TASK DESCRIPTION: Your copy should match the listing below word for word, with no images in it.

COLLECTED MATERIAL:
------------------------------------------------------------

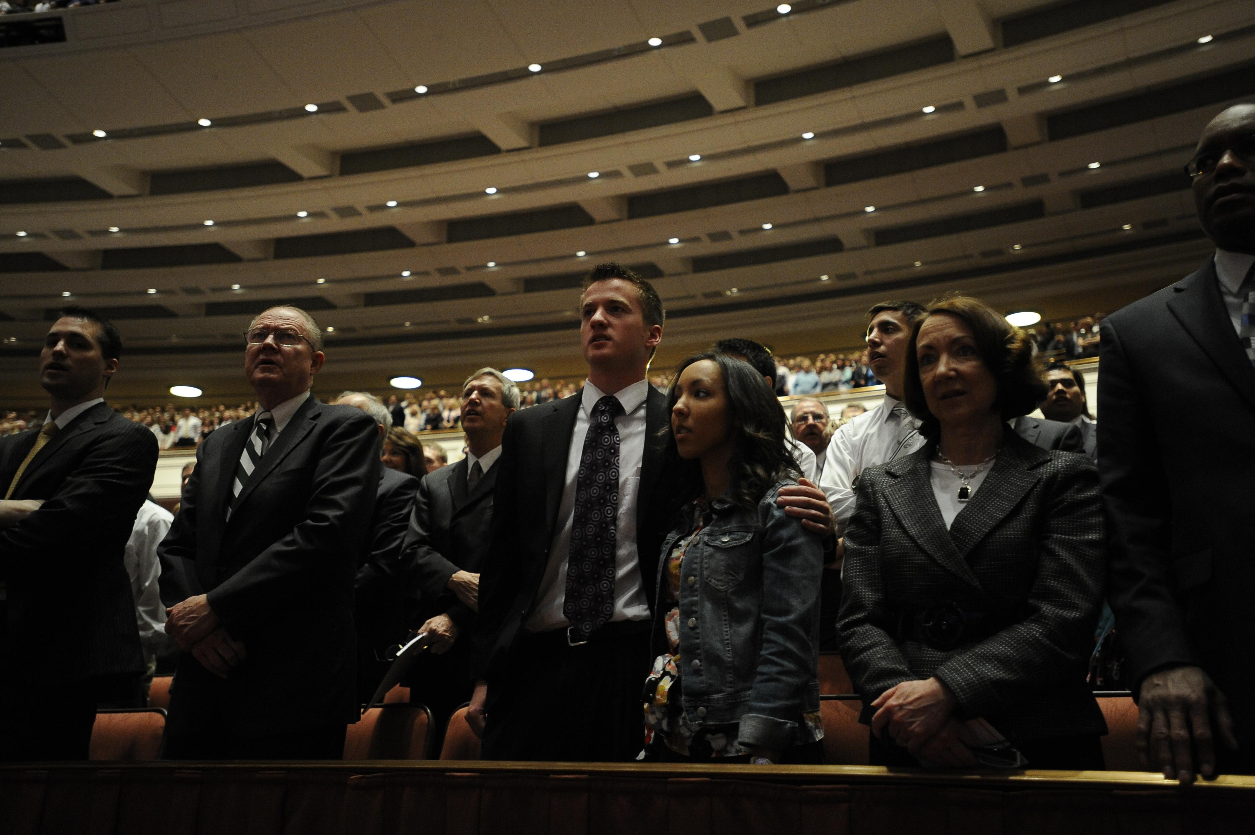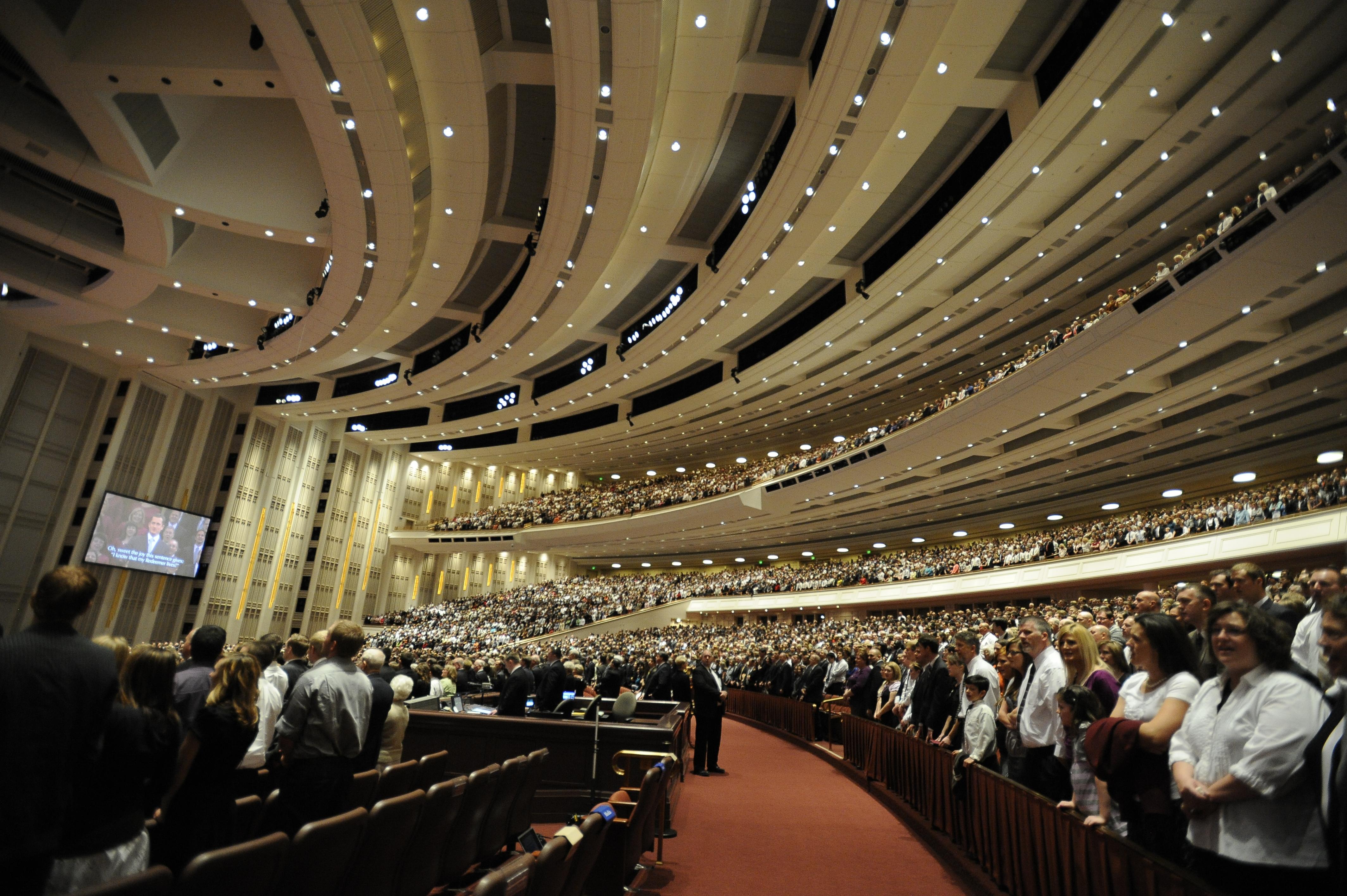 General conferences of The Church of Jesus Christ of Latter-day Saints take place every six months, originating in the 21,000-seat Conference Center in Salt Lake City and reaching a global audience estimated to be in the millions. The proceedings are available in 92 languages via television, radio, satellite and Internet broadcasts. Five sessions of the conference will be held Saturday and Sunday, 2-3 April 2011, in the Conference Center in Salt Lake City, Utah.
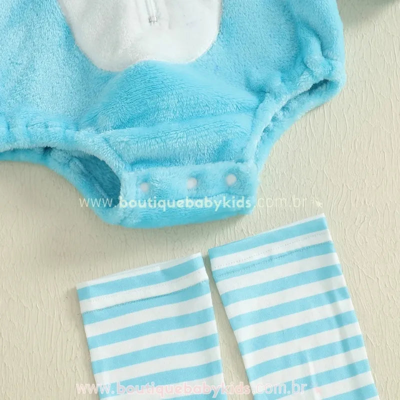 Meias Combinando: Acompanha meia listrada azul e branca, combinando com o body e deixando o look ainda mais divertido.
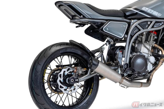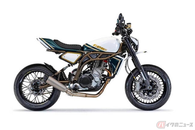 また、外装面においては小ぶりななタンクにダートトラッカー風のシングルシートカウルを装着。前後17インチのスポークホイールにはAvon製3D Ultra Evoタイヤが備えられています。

------------------------------------------------------------

OUTPUT BELOW:
 General conferences of The Church of Jesus Christ of Latter-day Saints take place every six months, originating in the 21,000-seat Conference Center in Salt Lake City and reaching a global audience estimated to be in the millions. The proceedings are available in 92 languages via television, radio, satellite and Internet broadcasts. Five sessions of the conference will be held Saturday and Sunday, 2-3 April 2011, in the Conference Center in Salt Lake City, Utah.
 Meias Combinando: Acompanha meia listrada azul e branca, combinando com o body e deixando o look ainda mais divertido.
 また、外装面においては小ぶりななタンクにダートトラッカー風のシングルシートカウルを装着。前後17インチのスポークホイールにはAvon製3D Ultra Evoタイヤが備えられています。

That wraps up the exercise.